Anda Rottenberg (born 23 April 1944) is a Polish art historian, art critic, writer, former director of the Zachęta National Gallery of Art in Warsaw and member of the International Association of Art Critics (AICA), International "Manifesta" Foundation and the International "Germinations" Foundation.

Biography 
Anda Rottenberg was born in 1944. Her mother was Russian from Petersburg and her father was a Polish Jew from the town of Nowy Sącz. All of his family was murdered during the Holocaust.

Rottenberg grew up in Legnica. In 1963, she moved to Warsaw, where she began studying history of art at the University of Warsaw.

She wrote two books - Sztuka w Polsce 1945-2005 (en. "Art in Poland 1945-2005") and an autobiography Proszę bardzo! (en. "You're welcome!").
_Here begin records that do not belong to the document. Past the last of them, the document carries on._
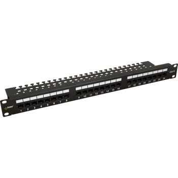 PULSAR RP-U24V6 19" patch panel; 24 port; cat6; árnyékolatlan; tehermentesítővel; 90 fokos modulok
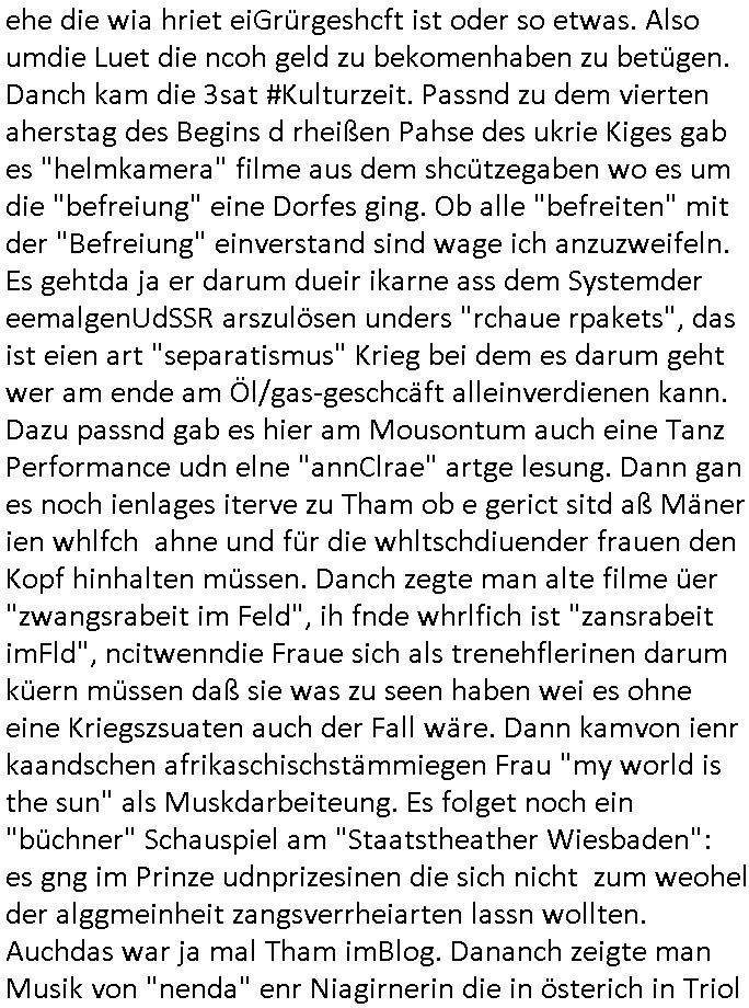 ehe die wia hriet eiGrürgeshcft ist oder so etwas. Also umdie Luet die ncoh geld zu bekomenhaben zu betügen. Danch kam die 3sat #Kulturzeit. Passnd zu dem vierten aherstag des Begins d rheißen Pahse des ukrie Kiges gab es "helmkamera" filme aus dem shcützegaben wo es um die "befreiung" eine Dorfes ging. Ob alle "befreiten" mit der "Befreiung" einverstand sind wage ich anzuzweifeln. Es gehtda ja er darum dueir ikarne ass dem Systemder eemalgenUdSSR arszulösen unders "rchaue rpakets", das ist eien art "separatismus" Krieg bei dem es darum geht wer am ende am Öl/gas-geschcäft alleinverdienen kann. Dazu passnd gab es hier am Mousontum auch eine Tanz Performance udn elne "annClark" artge lesung. Dann gan es noch ienlages iterve zu Tham ob e gerict sitd aß Mäner ien whlfch ahne und für die whltschdiuender frauen den Kopf hinhalten müssen. Danch zegte man alte filme üer "zwangsrabeit im Feld", ih fnde whrlfich ist "zansrabeit imFld", ncitwenndie Fraue sich als trenehflerinen darum küern müssen daß sie was zu seen haben wei es ohne eine Kriegszsuaten auch der Fall wäre. Dann kamvon ienr kaandschen afrikaschischstämmiegen Frau "my world is the sun" als Muskdarbeiteung. Es folget noch ein "büchner" Schauspiel am "Staatstheather Wiesbaden": es gng im Prinze udnprizesinen die sich nicht zum weohel der alggmeinheit zangsverrheiarten lassn wollten. Auchdas war ja mal Tham imBlog. Dananch zeigte man Musik von "nenda" enr Niagirnerin die in österich in Triol
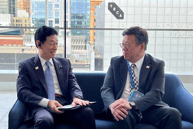 商務及經濟發展局局長丘應樺(右)在美國三藩市出席第三十四屆亞太區經濟合作組織部長級會議期間,與日本經濟產業大臣西村康稔(左)會面,就雙方關注的議題交流意見。

The main reason for writing the latter book was her anger at the police who were unable to find the body of her son (he was a drug addict and died in unknown circumstances). In her autobiography, Rottenberg also wrote about her mother, who survived the siege of Stalingrad [?] during World War II and was sentenced to prison for stealing a few spoons of food: she met there her future husband, Rottenberg's father.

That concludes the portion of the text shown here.